_TASK ITEM_
Please output exactly the lines from the one containing "Pillangó karácsonyfadísz irizáló" through the end of the records below, leaving out any pictures.

_SOURCE DATA_
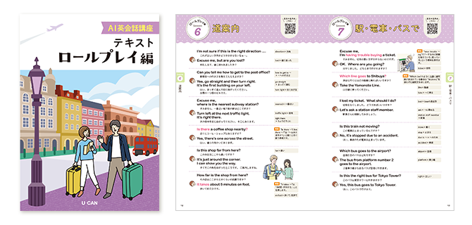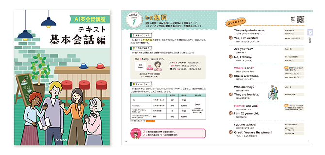 「U-CAN TALK」 と内容が連動したテキストで、AI講師と話す前に基本の文法が学べます。初心者レベルの方も安心です。
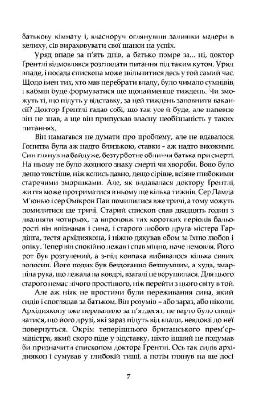 Заголовок на перший погляд ніби обіцяє щось похмуре, занадто серйозне, зображення тільки якихось клерикальних проблем. Насправді сюжет роману цілком живий, динамічний, подекуди напружений, повний несподіванок. На читача тут чекають неповторний гумор автора, дрібні й великі інтриги, кохання з перешкодами, непрості норови представників різних прошарків тодішнього англійського суспільства, зрештою — атмосфера самої епохи. Словом, вир життя. Така класика завжди актуальна й ніколи не застаріває.
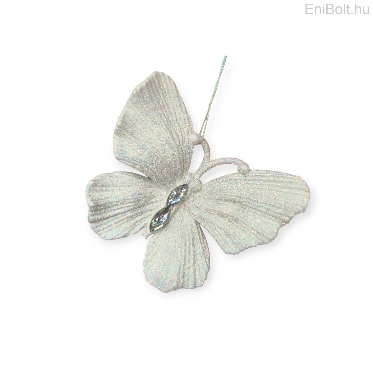 Pillangó karácsonyfadísz irizáló fehér csillámmal és kristályokkal 11x9cm
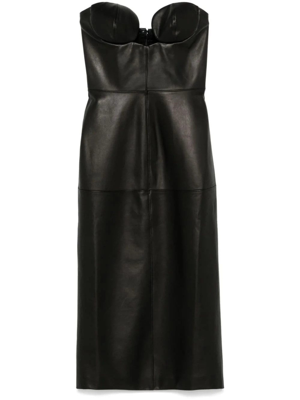 leather midi dress Highlights - Black - Calf leather - Concealed rear hook and zip fastening - Sweetheart neck - Strapless - Seam detailing - Central rear vent - Full lining - Straight hem Made in Italy Composition Calf Leather 100%, Viscose 68%, Polyamide 27%, Elastane 5% SIZE & FIT Model measurements Height 5 ft 9 in(1.75 m) Bust/Chest 31.88 in(81 cm) Hips 34.64 in(88 cm) Waist 24.01 in(61 cm) FittingInformation Designed for a close fit throughout Soft leather has a supple and smooth construction offering some flexibility
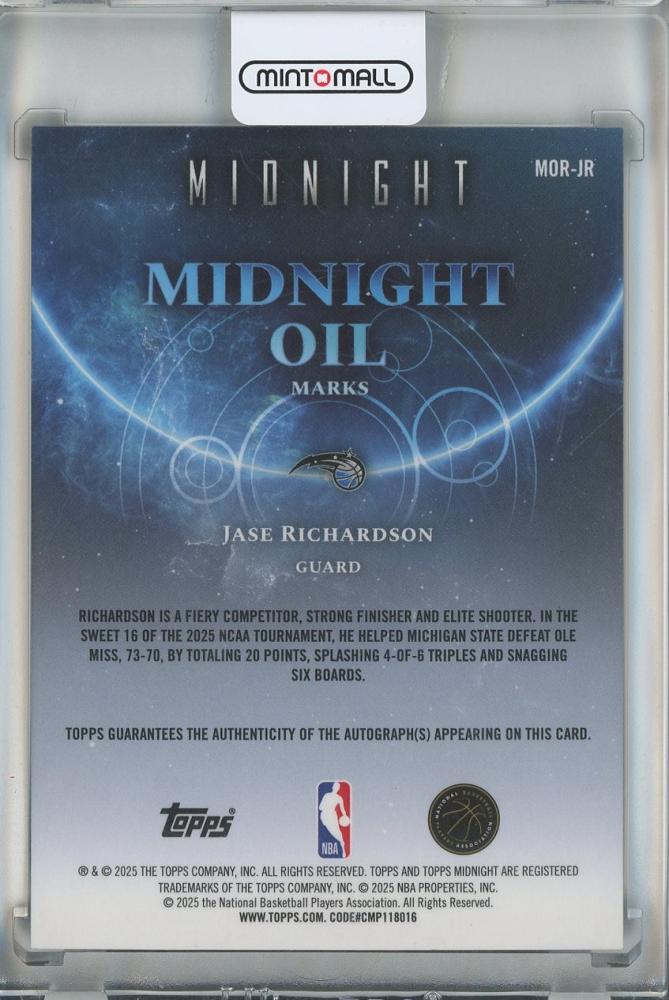 2025-26 Topps Midnight Jase Richardson Midnight Oil Rookie Marks #MORJR Orlando Magic
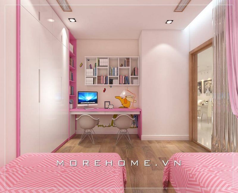 Hệ thống tủ gỗ Acrylic đẹp thiết kế âm tường, tạo khu vực lưu trữ đồ lớn, phù hợp diện tích phòng ngủ và tiện nghi hơn cho phòng của bé gái
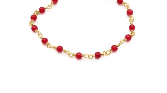Ατσάλινο βραχιόλι με ψιλές κόκκινες χάντρες και ατσάλινες ενώσεις σε χρυσό χρώμα. Κούμπωμα με παπαγαλάκι. Διαθέτει αλυσιδάκι αυξομείωσης για να προσαρμόζεται στο χέρι σας.
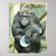 Um chimpanzé bonito que tem um CD, mas infelizmente não tem um CD player.
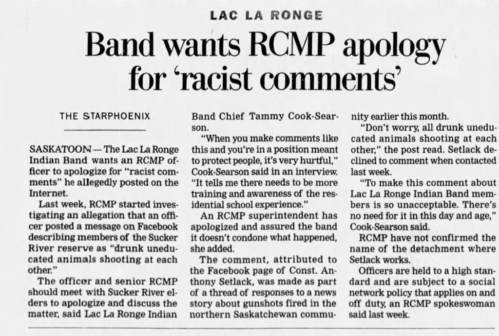 Racism is definitely alive and well in the Prairies. If you go through the local newspaper archives looking for examples of racism, you will not be at a loss. Here is one incident:

_RESULT_
 Pillangó karácsonyfadísz irizáló fehér csillámmal és kristályokkal 11x9cm
 leather midi dress Highlights - Black - Calf leather - Concealed rear hook and zip fastening - Sweetheart neck - Strapless - Seam detailing - Central rear vent - Full lining - Straight hem Made in Italy Composition Calf Leather 100%, Viscose 68%, Polyamide 27%, Elastane 5% SIZE & FIT Model measurements Height 5 ft 9 in(1.75 m) Bust/Chest 31.88 in(81 cm) Hips 34.64 in(88 cm) Waist 24.01 in(61 cm) FittingInformation Designed for a close fit throughout Soft leather has a supple and smooth construction offering some flexibility
 2025-26 Topps Midnight Jase Richardson Midnight Oil Rookie Marks #MORJR Orlando Magic
 Hệ thống tủ gỗ Acrylic đẹp thiết kế âm tường, tạo khu vực lưu trữ đồ lớn, phù hợp diện tích phòng ngủ và tiện nghi hơn cho phòng của bé gái
Ατσάλινο βραχιόλι με ψιλές κόκκινες χάντρες και ατσάλινες ενώσεις σε χρυσό χρώμα. Κούμπωμα με παπαγαλάκι. Διαθέτει αλυσιδάκι αυξομείωσης για να προσαρμόζεται στο χέρι σας.
 Um chimpanzé bonito que tem um CD, mas infelizmente não tem um CD player.
 Racism is definitely alive and well in the Prairies. If you go through the local newspaper archives looking for examples of racism, you will not be at a loss. Here is one incident:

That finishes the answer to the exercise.